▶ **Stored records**

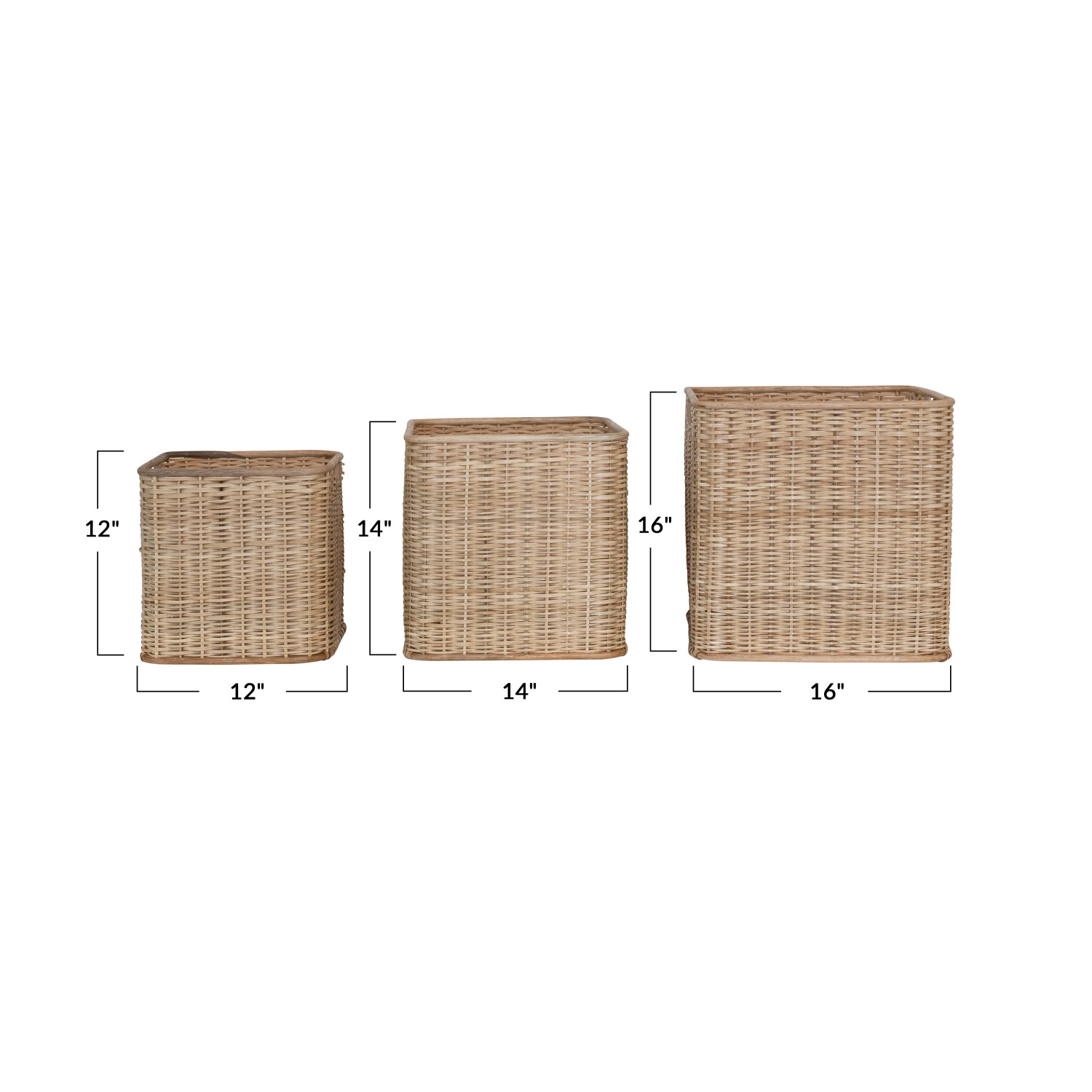 Catalog Name: 16" Square x 16"H, 14" Square x 14"H & 12" Square x 12"H Hand-Woven Palm & Rattan Baskets w/ Handles, Natural, Set of 3
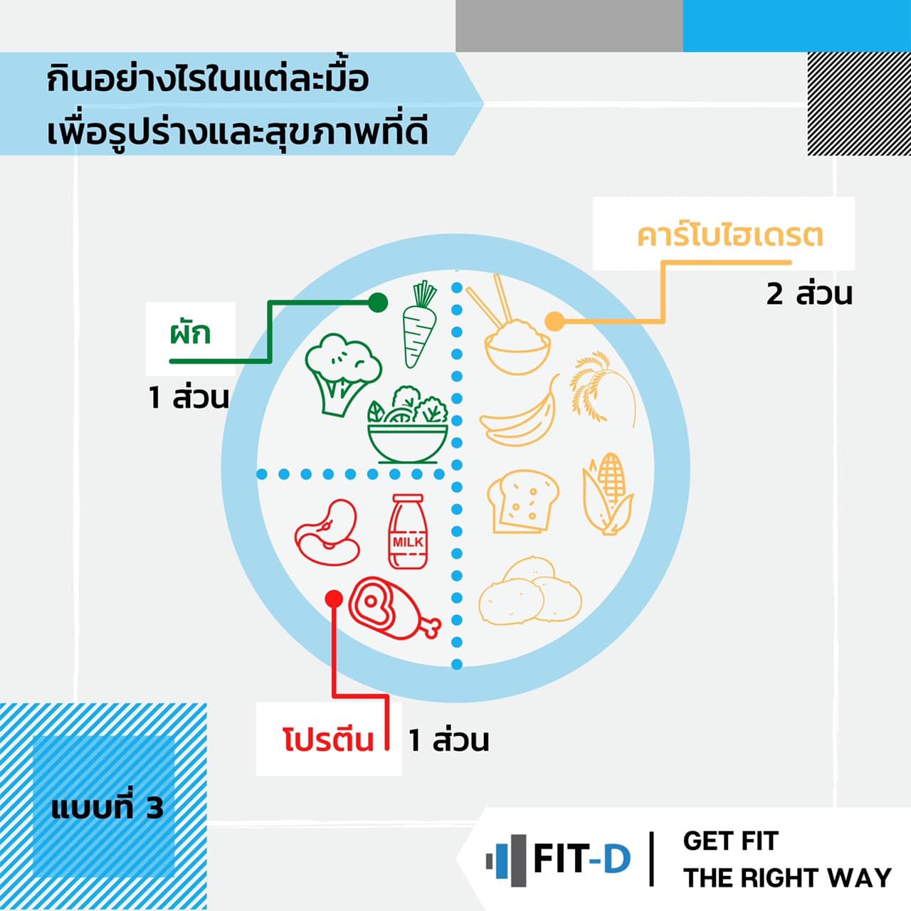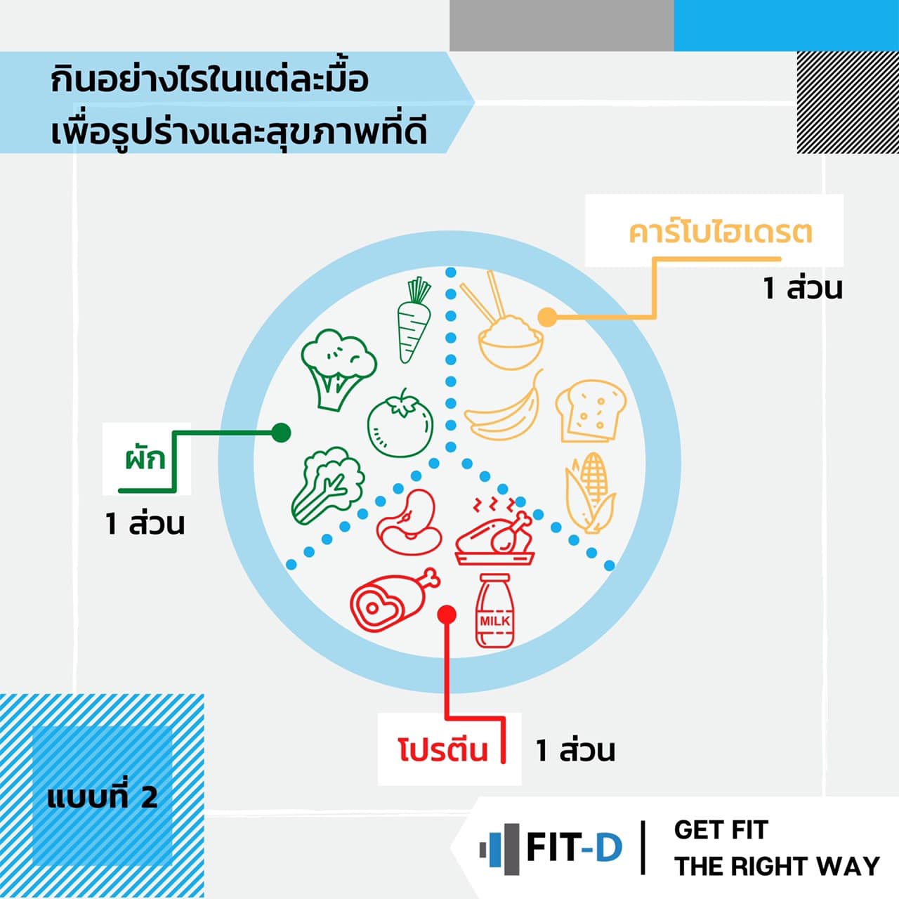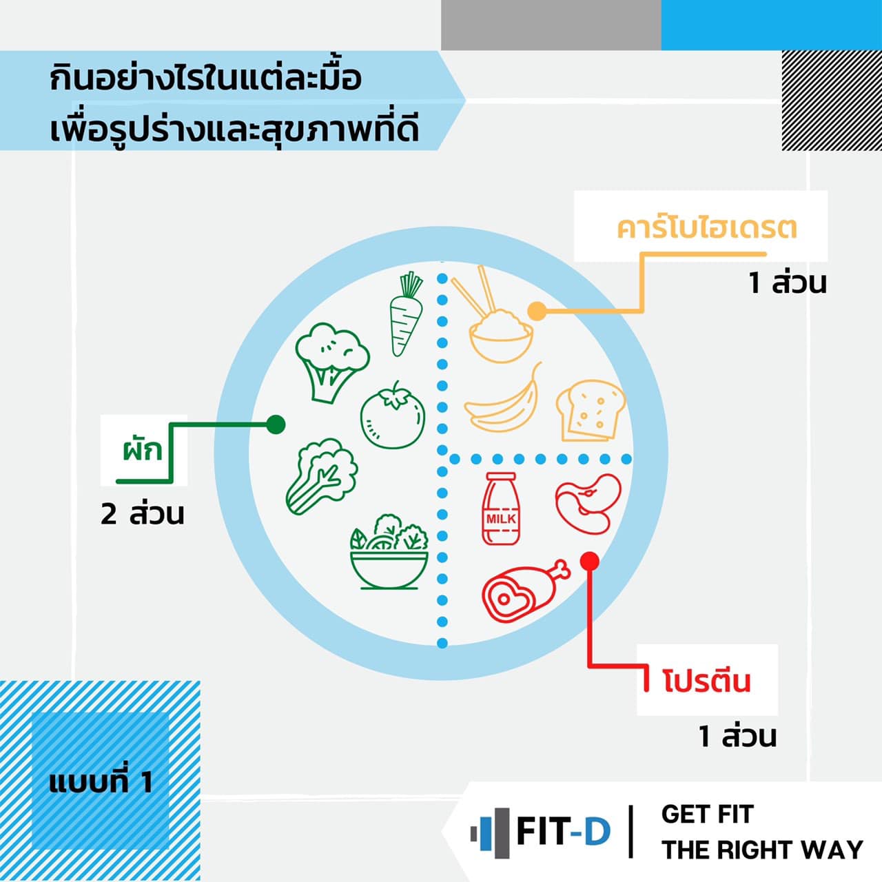 1.คนที่ออกกำลังกายน้อย เคลื่อนไหวร่างกายน้อย แต่อยากจะมีสุขภาพและรูปร่างที่ดีขึ้น (รูปที่ 1) : ผัก 2 ส่วน, โปรตีน 1 ส่วน และคาร์โบไฮเดรต 1 ส่วน
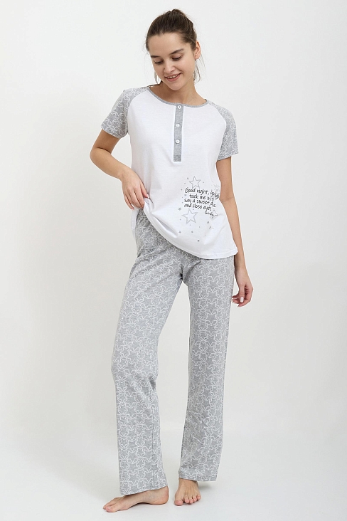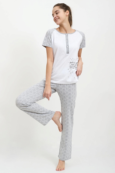 Женская пижама из качественной кулирки. В комплекте футболка прямого кроя и длинные брюки. Футболка комбинирована: полочка из белой ткани с принтом, а спинка из ткани с рисунком. Рукав реглан короткий. Круглый вырез горловины с функциональными пуговицами по планке. Брюки прямого кроя из ткани с рисунком, оборудованные двумя карманами. Такой комплект подарит вам комфортный сон.
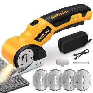 Cordless Electric Scissors, 4V Cardboard Cutter with 4 Blades, Rechargeable Box Cutter up to 1/3", with Storage Bag, Safety Lock & LED Light, Electric Scissors for Cardboard, Fabric & CarpetBrand: GenericFeatures: Orange (Includes 3 Spare Blades), Battery Powered, trueColor: BlueSpecifications: 0.88 pounds, Orange (Includes 3 Spare Blades), 0.2 pounds, lithium_ion, 1, BUBRAModel #: 799371847660
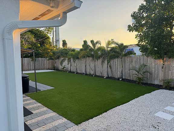 Renovated backyard with synthetic grass, great for kids and low-maintenance living
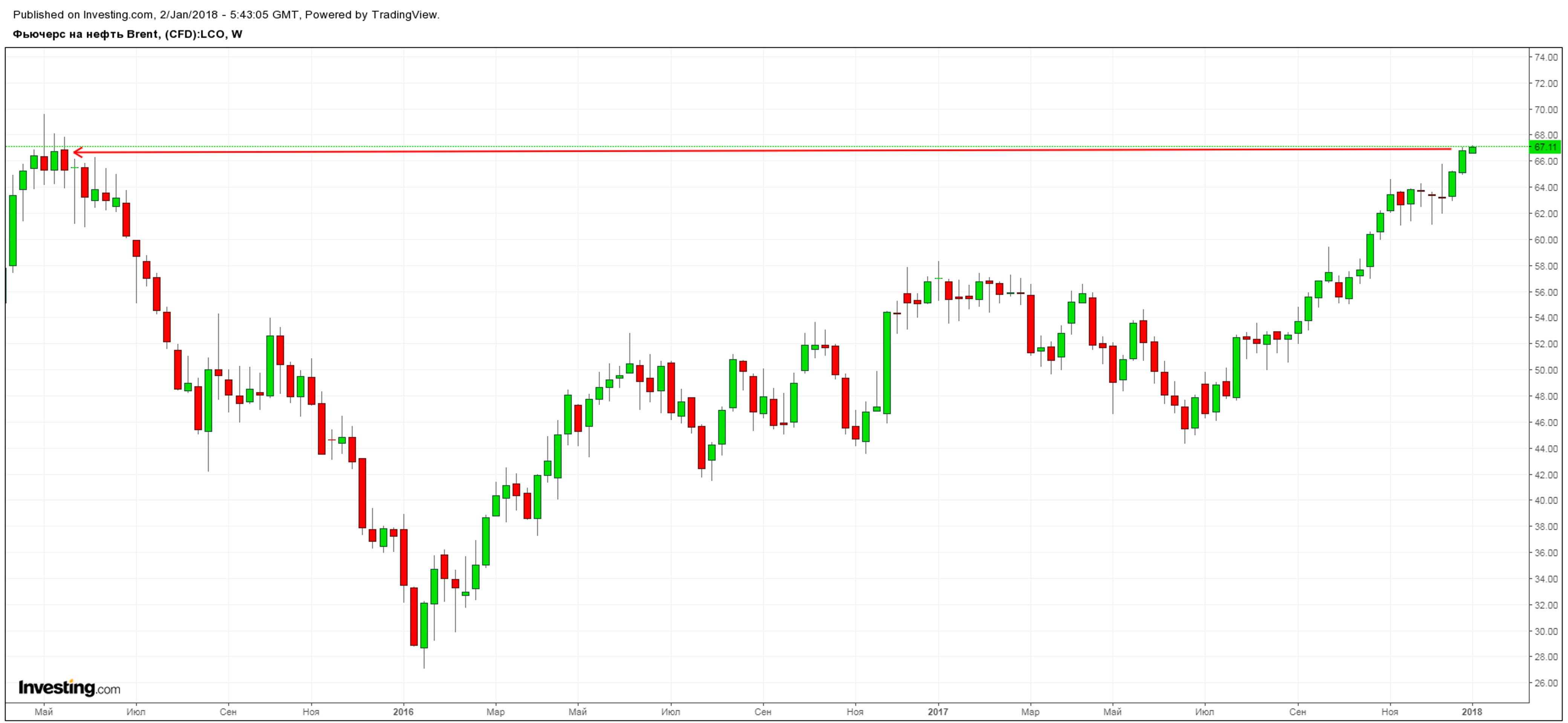 Цены на нефть марки Brent прибавляют около 0,7%, превысив отметку в $67 за баррель - впервые с весны 2015 года.
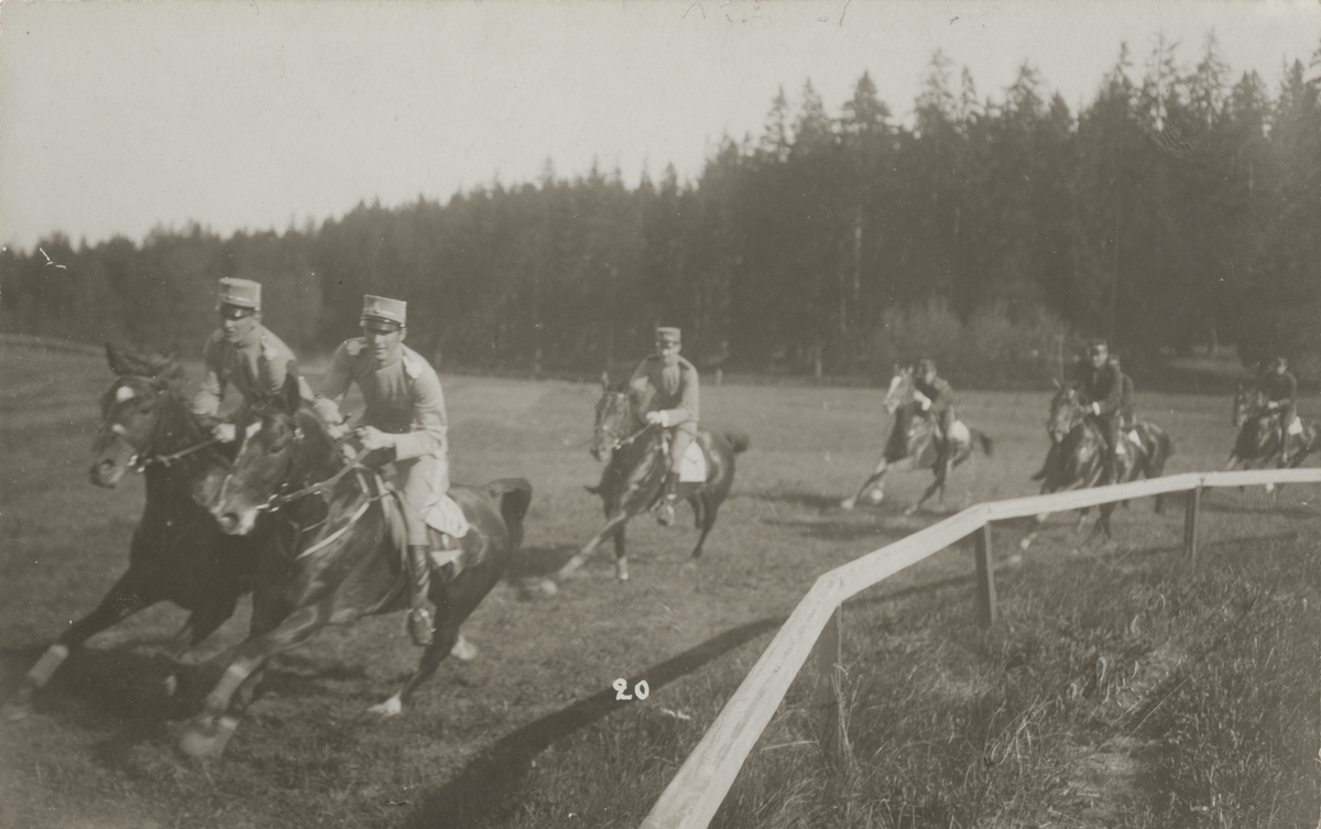 Titel: Ryttare i full galopp rundar ett staket på fält.
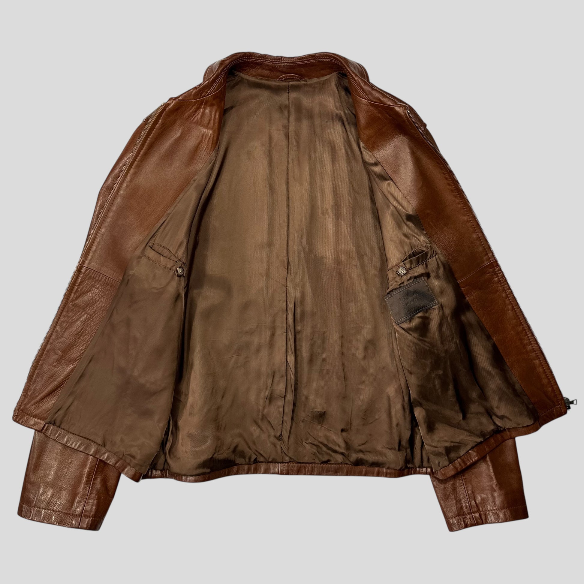 Prada Milano FW98 Whiskey Leather Nylon Lined Zip Work Jacket - IT50
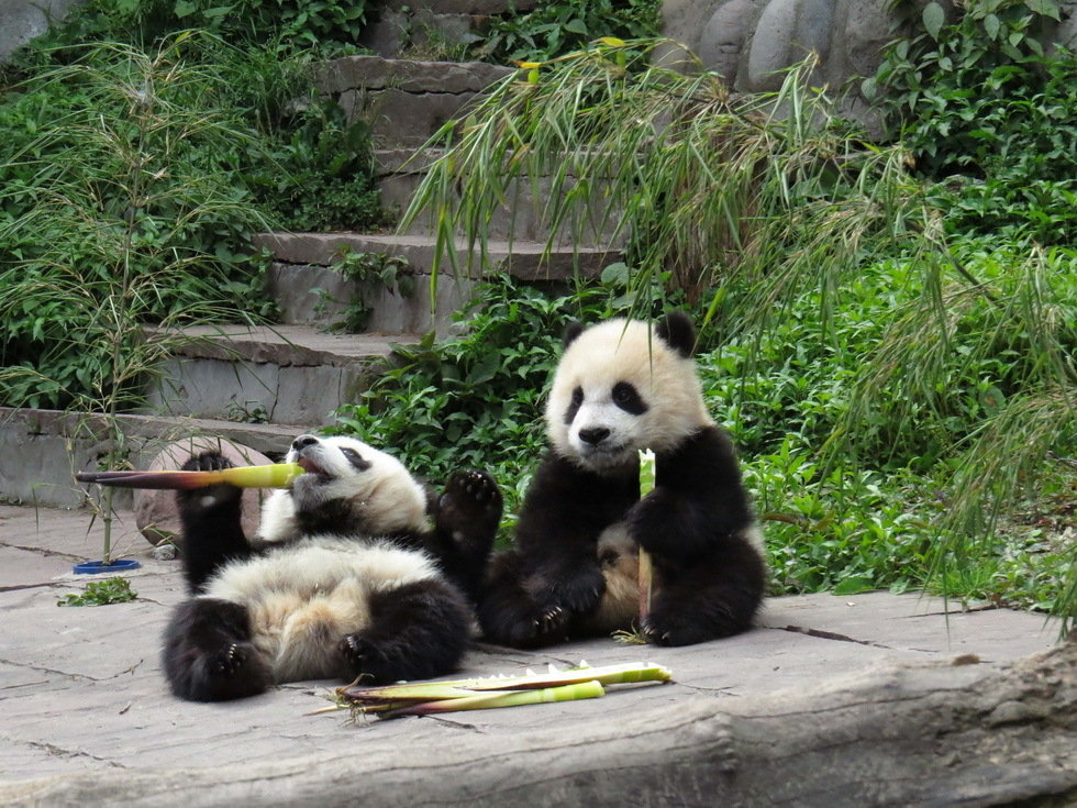 4月20日,雅安碧峰峡大熊猫基地的大熊猫在进食。4月20日发生7.0级地震的四川雅安是大熊猫之乡。据雅安碧峰峡大熊猫基地的工作人员介绍,中国保护大熊猫研究中心碧峰峡基地内的工作人员和熊猫均安全,没有出现伤亡情况。 新华网发(李伟摄)
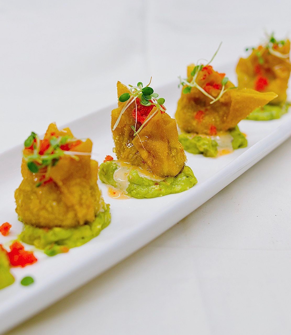 There’s not much to the décor—basically a low-lighted 70-seat room with bare tables and a brightly lighted sushi bar and counter to the rear. The reception by owner David Sunarto will be warm, the service cordial; the food will be exceptional, from dumplings and sushi to special dishes created by partner-chef Nakao Hirakata and his staff. Now seven years old, Mizu has a very regular clientele, and at lunch reservations are always necessary; on weekday nights, the crowd piles in before six, but empties out by nine. When I first perused the menu, which took some time, I wondered whether a selection of so many dishes could possibly be handled with equal aplomb, but after an extensive tasting from most categories, I saw no lapses in preparation and was delighted by the chef’s special dishes, like the lustrous “white tuna truffle,” quickly seared tuna dressed with truffle oil and yuzu, and a carpaccio of yellowtail with yuzu and jalapeño chili pepper, reflecting a Peruvian-Japanese connection. The fact that these dishes cost only $15 each is nothing short of amazing.

▶ **Your goal**
The line with "และคาร์โบไฮเดรต 1 ส่วน" ends the range, and the first line of the data begins it; repeat exactly those lines and nothing more, omitting pictures.

▶ **Output for this exercise**
 Catalog Name: 16" Square x 16"H, 14" Square x 14"H & 12" Square x 12"H Hand-Woven Palm & Rattan Baskets w/ Handles, Natural, Set of 3
 1.คนที่ออกกำลังกายน้อย เคลื่อนไหวร่างกายน้อย แต่อยากจะมีสุขภาพและรูปร่างที่ดีขึ้น (รูปที่ 1) : ผัก 2 ส่วน, โปรตีน 1 ส่วน และคาร์โบไฮเดรต 1 ส่วน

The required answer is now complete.